Top of Data provided

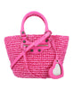 Elevate your style with the Balenciaga Le Cagole small panier handbag. Crafted from nylon raffia and leather, this bag features double hand-braided handles, a removable shoulder strap, and aged-silver hardware. The decorative front zipped pocket and removable heart mirror add a touch of elegance. Dimensions: H19cm x W25cm x D12cm.
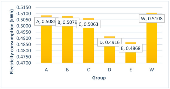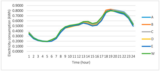 The test groups that each corresponds to a ToU tariff were set to DSM, while the control group was billed as before with the flat tariff (tariff E equals 14.1c/kWh). Four three-level ToU tariffs and one tariff for weekend (W), as in Figure 1, were created and applied for residential consumers.
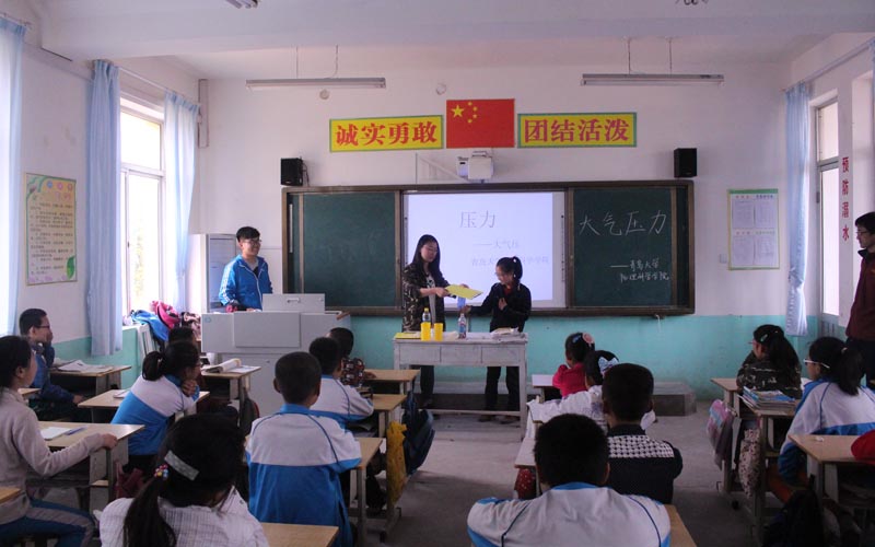 根据小学生的认知能力,此次支教活动以五年级学生作为支教对象,主要内容是由嘟嘟成人网 学生给小学生介绍物理常识,并带领他们动手做实验。例如,通过演示“纸托水杯”的物理现象,给小学生讲解了有关大气压力的知识。通俗易懂的讲解激发了小学生学习物理知识的兴趣。
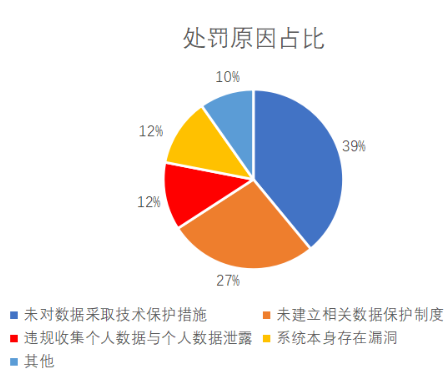 通过对所有数据安全处罚事件进行归因分析,发现未对数据采取相应的技术保护措施和管理制度的占比为66%。原因是大多数企业或组织对于数据安全的认知和重视性不足,投入较少,存在侥幸心理。
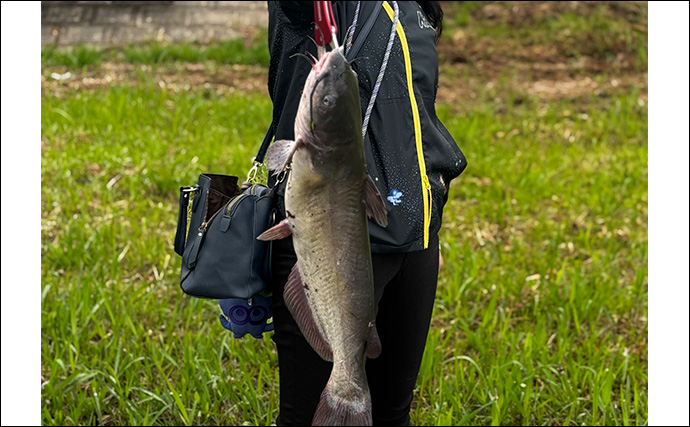 特に夕マヅメから夜にかけての時間帯が狙い目です。当日の釣りでは最大60cm超えの大型アメリカナマズも釣れました(釣ったのは妻ですが)。最大80cm10キロ近くの大物も狙えます。
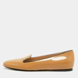 Prada Brown Leather Triangle Cutout Flat Slides Size 35.5
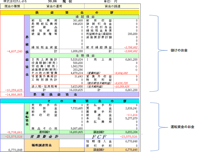 | 2.「運転資金のお金」 | -20,000,000 | 10,000,000 | -10,000,000 |
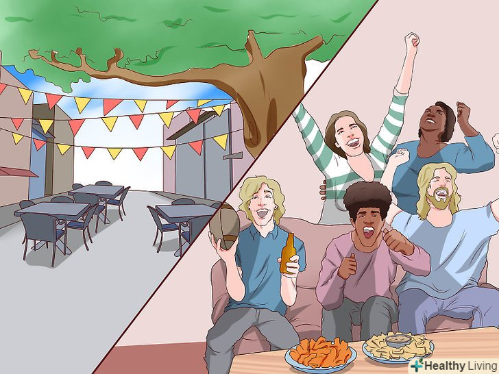 Запросіть друзів на конкретну подію. Одним з варіантів організації чудової вечірки може стати певна подія, на якому зосереджені всі її учасники. Запросіть друзів на спільний перегляд телевізійної передачі або влаштуйте вечірку з нагоди чийогось дня народження. Набагато простіше продумати тематику, коли ви влаштовуєте присвячену певній події домашню вечірку. [1]- Влаштуйте вечірку під кодовою назвою "Суперкубок", на якій ви зможете подивитися матч за Суперкубок цього року. Стилізуйте декорації та їжу у футбольній тематиці або кольорах тих команд, які беруть участь у Суперкубку.
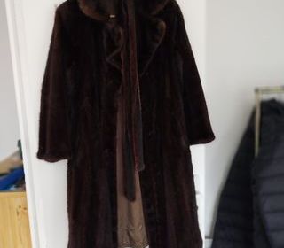 vends manteau fourrure vison marron long etat neuf porte une fois
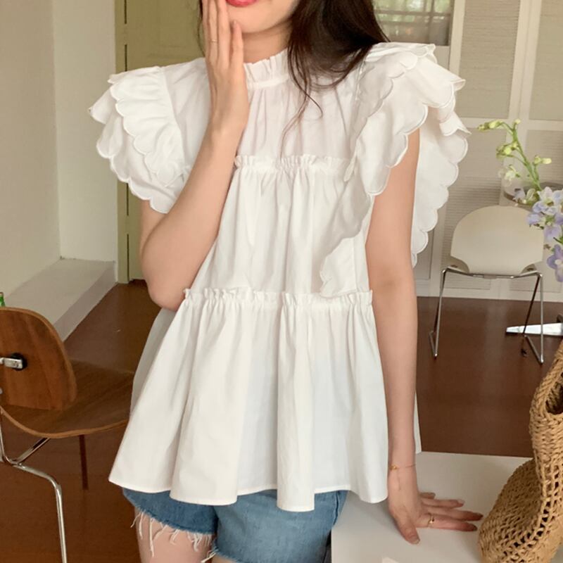 サマーカラールーズレーススリーブシャツ 夏物 ステッチ 7/20 mi4612500767104
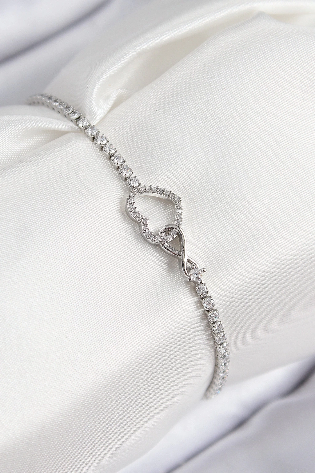 Pirinç Zirkon Taşlı Sonsuzluk Kalp Model Gümüş Renk Kadın Bileklik - TJ-BB7692
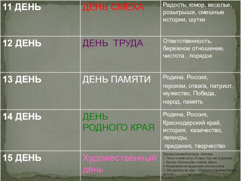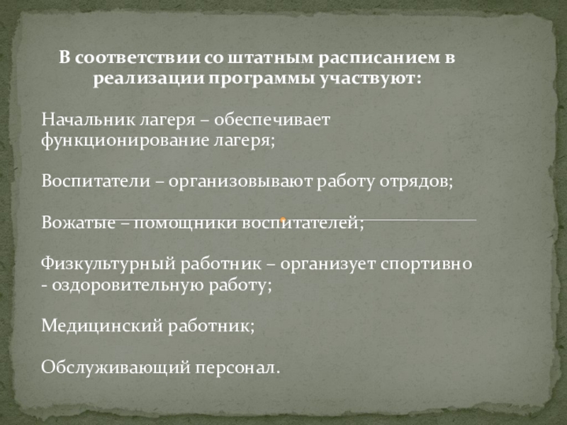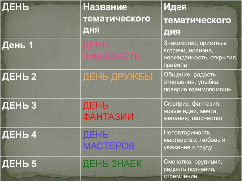 Программа лагеря, профильной смены
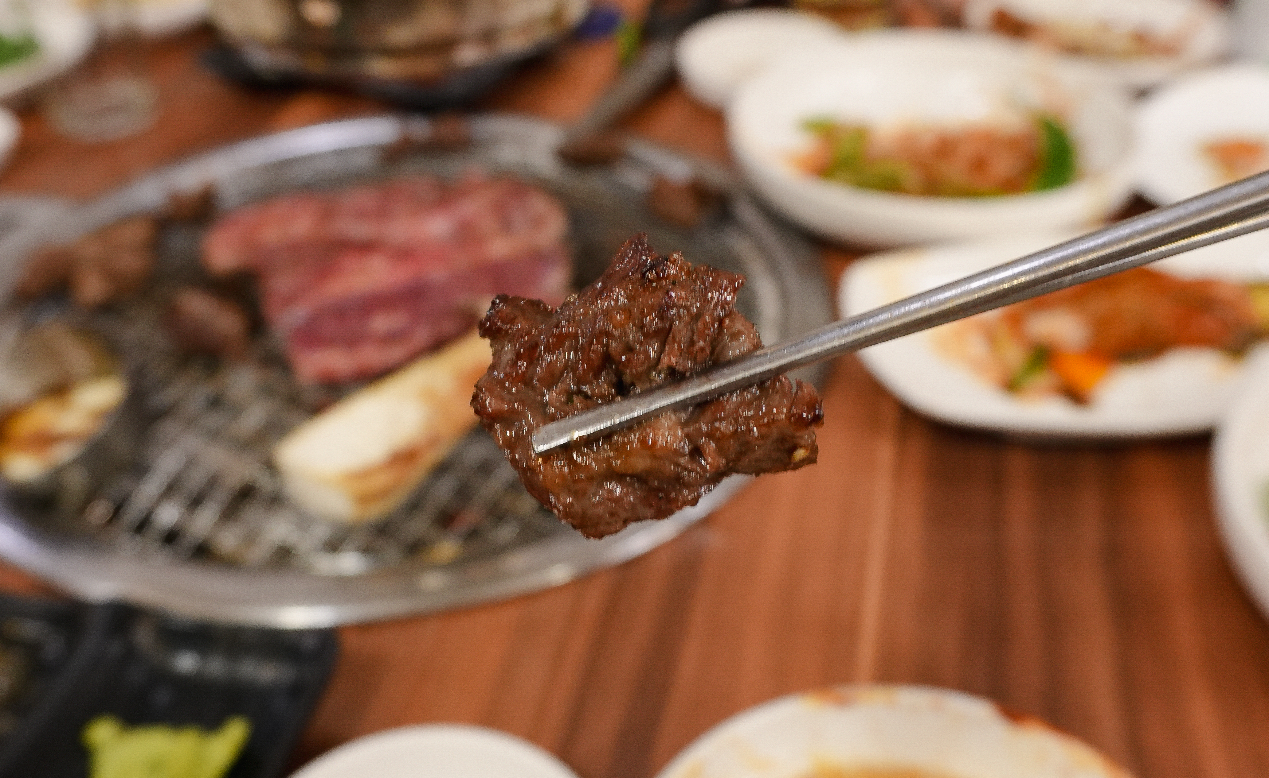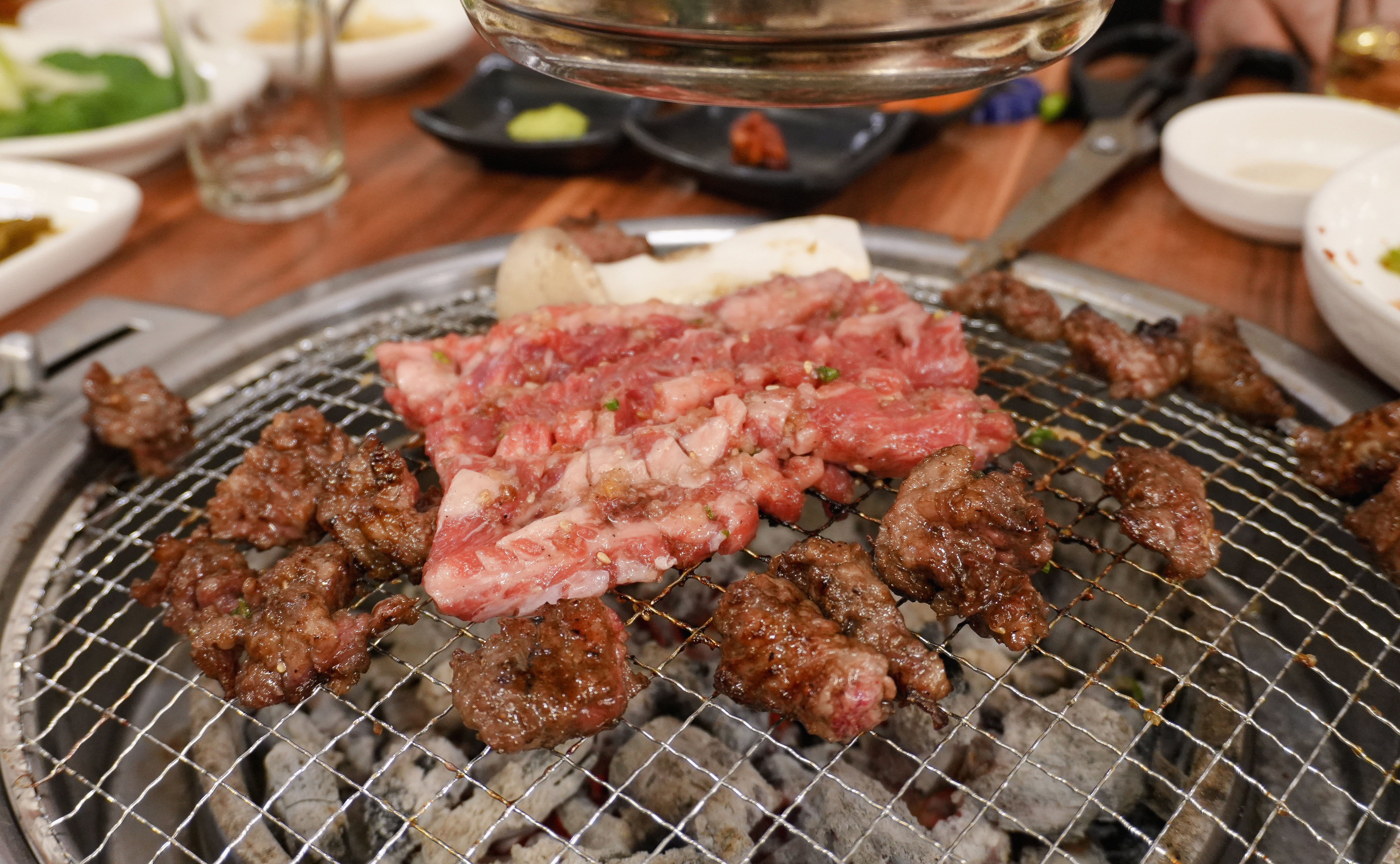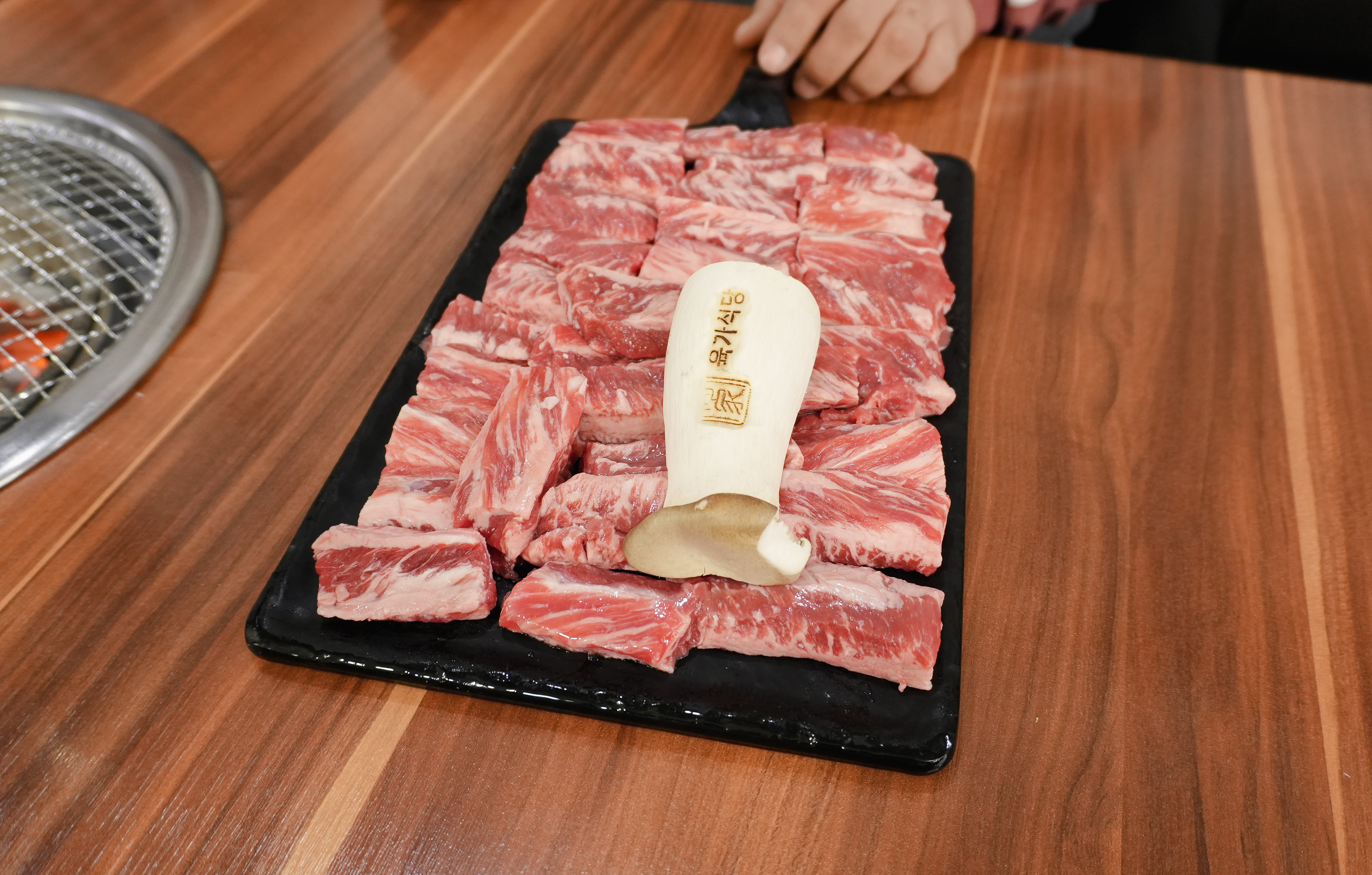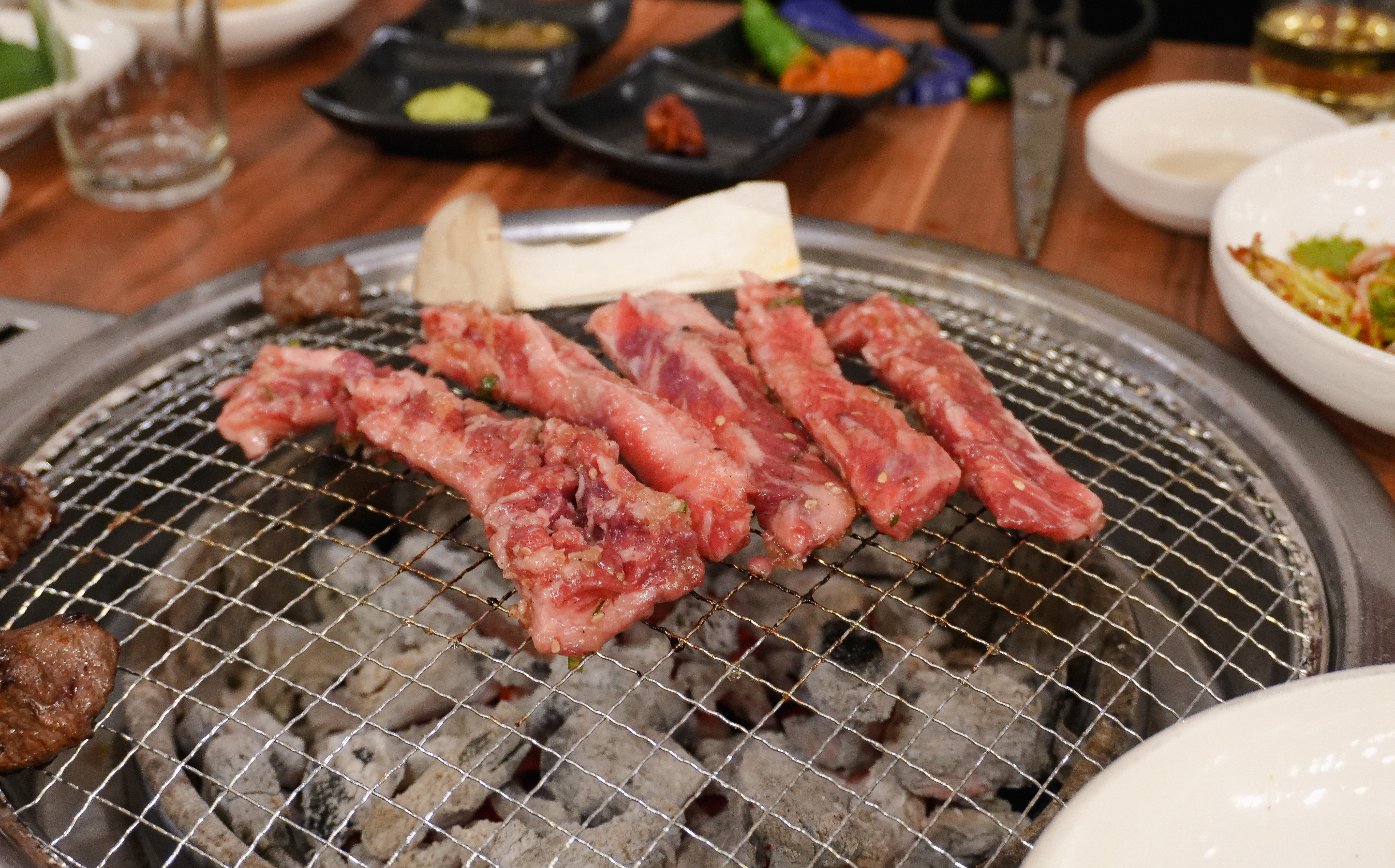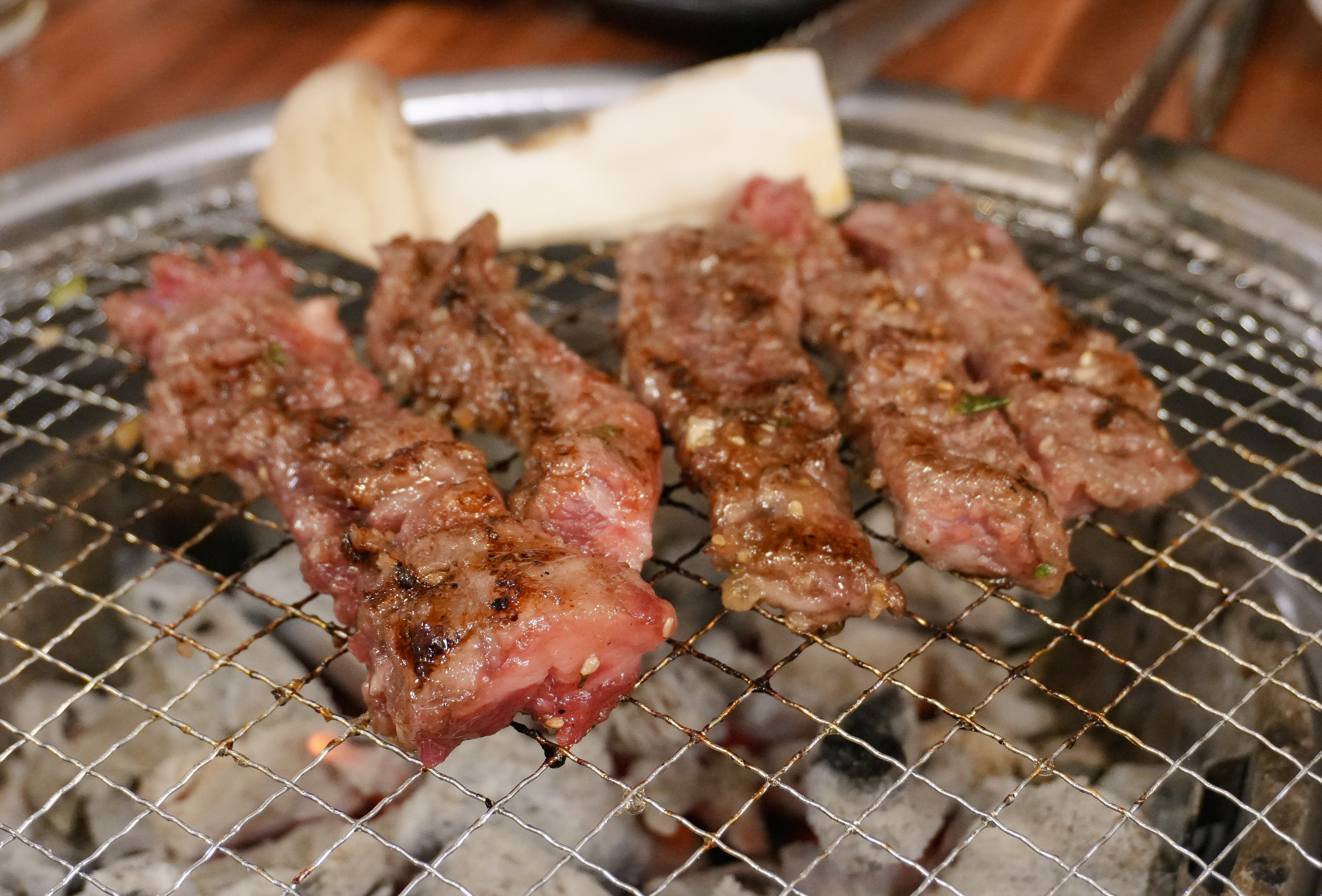 제가 카메라를 들고 열심히 촬영하는 모습을 보시고는 사장님이(?) 서비스로 콘치즈도 주셨습니다. 소고기라 그런지 불판 위에서 금세 익어가더라고요.
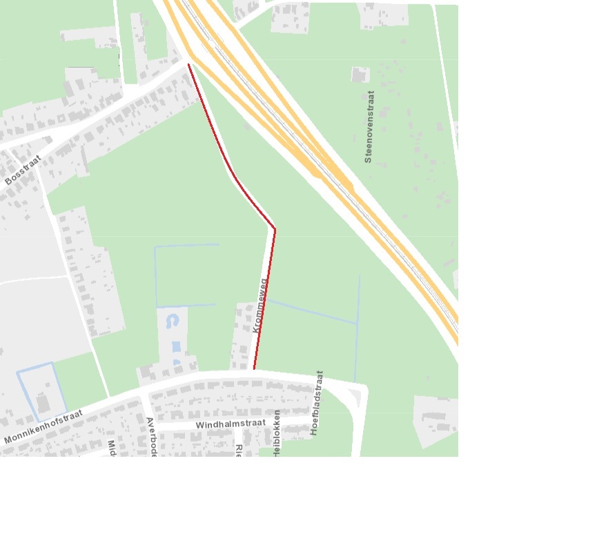 Het fietspad in de Monnikenhofstraat vanaf de Hoefbladstraat tot het Oud Broek en een gedeelte van het fietspad van de Krommeweg, worden geasfalteerd in de week van 2 maart.

Bottom of Data provided

## Work to complete
Could you set down nothing but the lines from the one containing "Запросіть друзів на конкретну" through the last line of the records above, both ends included, exactly as given and free of pictures?

## Answer to the exercise
 Запросіть друзів на конкретну подію. Одним з варіантів організації чудової вечірки може стати певна подія, на якому зосереджені всі її учасники. Запросіть друзів на спільний перегляд телевізійної передачі або влаштуйте вечірку з нагоди чийогось дня народження. Набагато простіше продумати тематику, коли ви влаштовуєте присвячену певній події домашню вечірку. [1]- Влаштуйте вечірку під кодовою назвою "Суперкубок", на якій ви зможете подивитися матч за Суперкубок цього року. Стилізуйте декорації та їжу у футбольній тематиці або кольорах тих команд, які беруть участь у Суперкубку.
 vends manteau fourrure vison marron long etat neuf porte une fois
 サマーカラールーズレーススリーブシャツ 夏物 ステッチ 7/20 mi4612500767104
 Pirinç Zirkon Taşlı Sonsuzluk Kalp Model Gümüş Renk Kadın Bileklik - TJ-BB7692
 Программа лагеря, профильной смены
 제가 카메라를 들고 열심히 촬영하는 모습을 보시고는 사장님이(?) 서비스로 콘치즈도 주셨습니다. 소고기라 그런지 불판 위에서 금세 익어가더라고요.
 Het fietspad in de Monnikenhofstraat vanaf de Hoefbladstraat tot het Oud Broek en een gedeelte van het fietspad van de Krommeweg, worden geasfalteerd in de week van 2 maart.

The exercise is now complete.